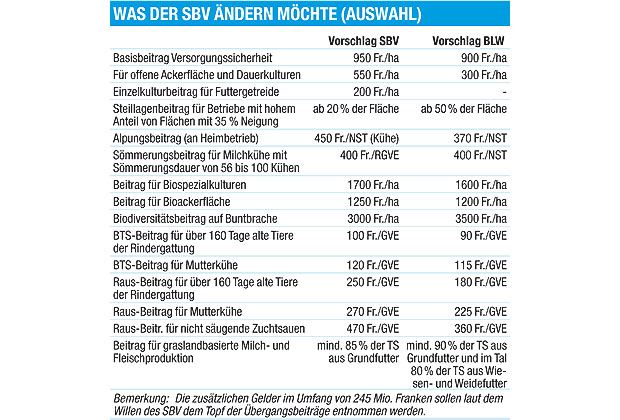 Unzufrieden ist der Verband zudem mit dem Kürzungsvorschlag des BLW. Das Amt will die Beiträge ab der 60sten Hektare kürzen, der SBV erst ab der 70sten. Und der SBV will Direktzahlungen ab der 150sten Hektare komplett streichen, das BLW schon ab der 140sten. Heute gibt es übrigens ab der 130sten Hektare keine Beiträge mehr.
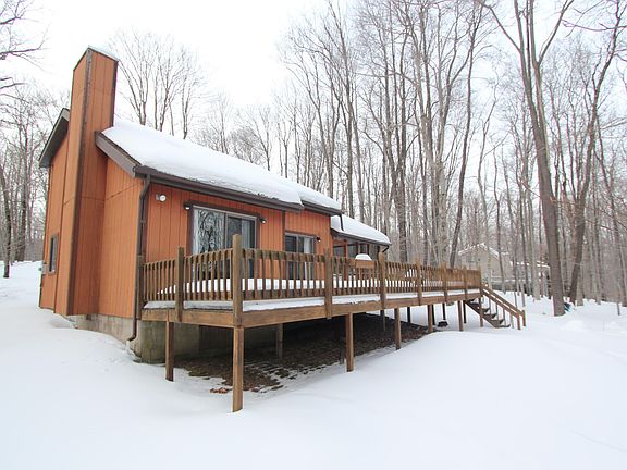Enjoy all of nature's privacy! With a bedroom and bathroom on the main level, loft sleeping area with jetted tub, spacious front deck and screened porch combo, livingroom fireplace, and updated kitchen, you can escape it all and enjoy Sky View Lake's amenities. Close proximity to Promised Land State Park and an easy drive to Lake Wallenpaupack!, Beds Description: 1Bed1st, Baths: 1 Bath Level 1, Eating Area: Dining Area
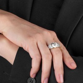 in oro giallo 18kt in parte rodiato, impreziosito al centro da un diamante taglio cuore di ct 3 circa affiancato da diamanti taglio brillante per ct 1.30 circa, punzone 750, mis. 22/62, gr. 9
--------------------
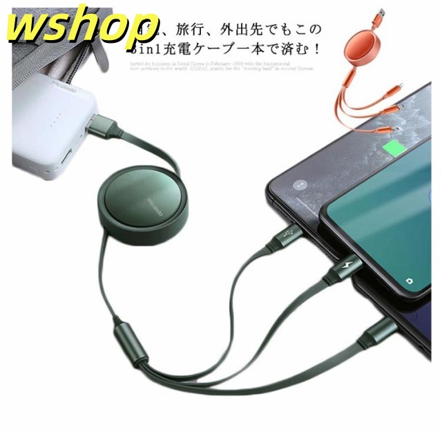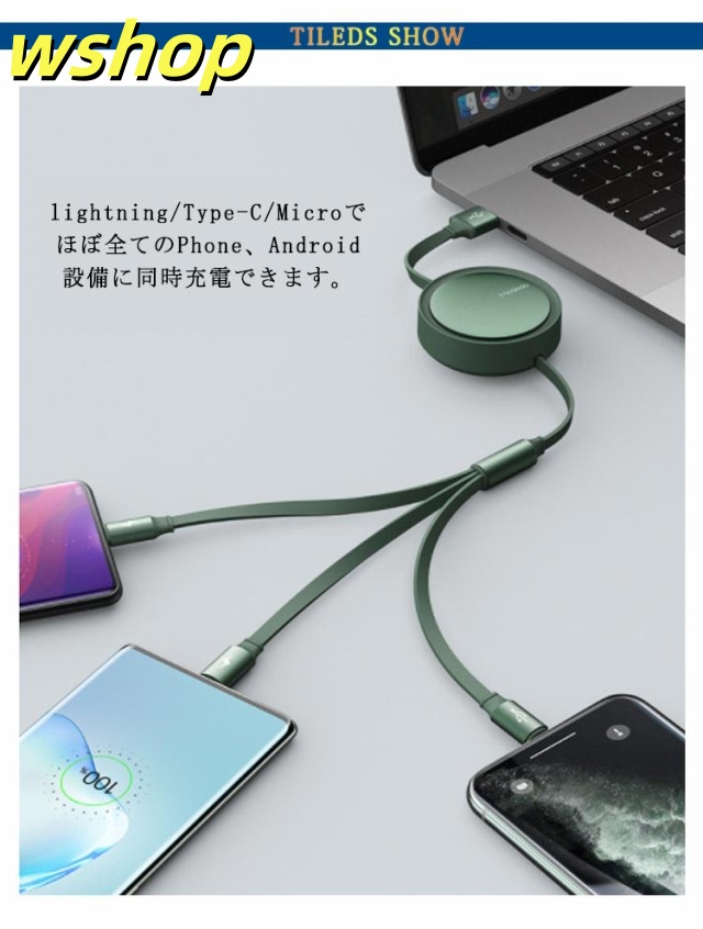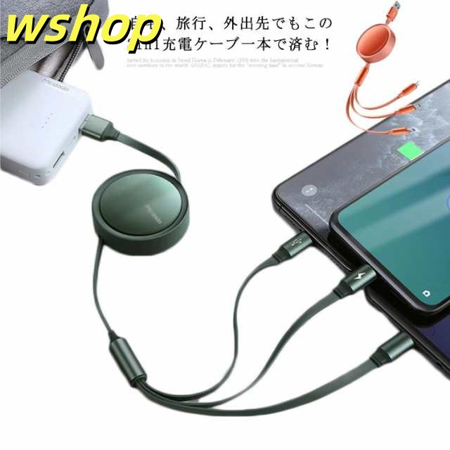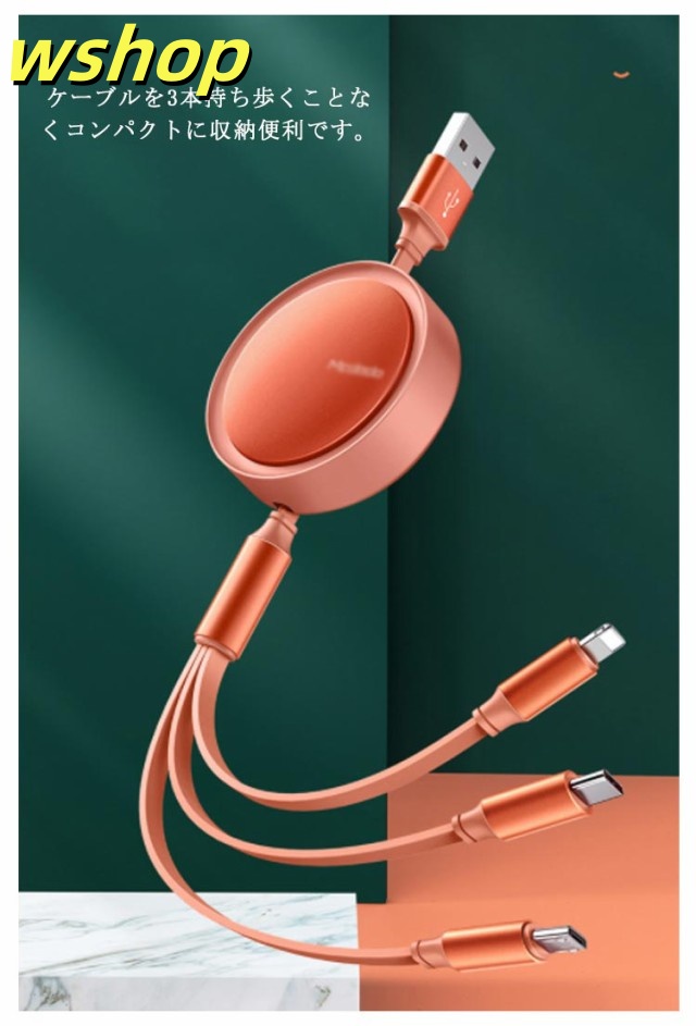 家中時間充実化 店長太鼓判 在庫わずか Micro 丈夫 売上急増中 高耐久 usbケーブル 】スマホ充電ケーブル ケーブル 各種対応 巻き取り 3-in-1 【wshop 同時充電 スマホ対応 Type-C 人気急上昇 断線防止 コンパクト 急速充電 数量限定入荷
--------------------
Go back to the listing above and write out the lines starting at the one with "Enjoy all of" and ending at the one with "in oro giallo", inclusive, exactly and without pictures.

Enjoy all of nature's privacy! With a bedroom and bathroom on the main level, loft sleeping area with jetted tub, spacious front deck and screened porch combo, livingroom fireplace, and updated kitchen, you can escape it all and enjoy Sky View Lake's amenities. Close proximity to Promised Land State Park and an easy drive to Lake Wallenpaupack!, Beds Description: 1Bed1st, Baths: 1 Bath Level 1, Eating Area: Dining Area
 in oro giallo 18kt in parte rodiato, impreziosito al centro da un diamante taglio cuore di ct 3 circa affiancato da diamanti taglio brillante per ct 1.30 circa, punzone 750, mis. 22/62, gr. 9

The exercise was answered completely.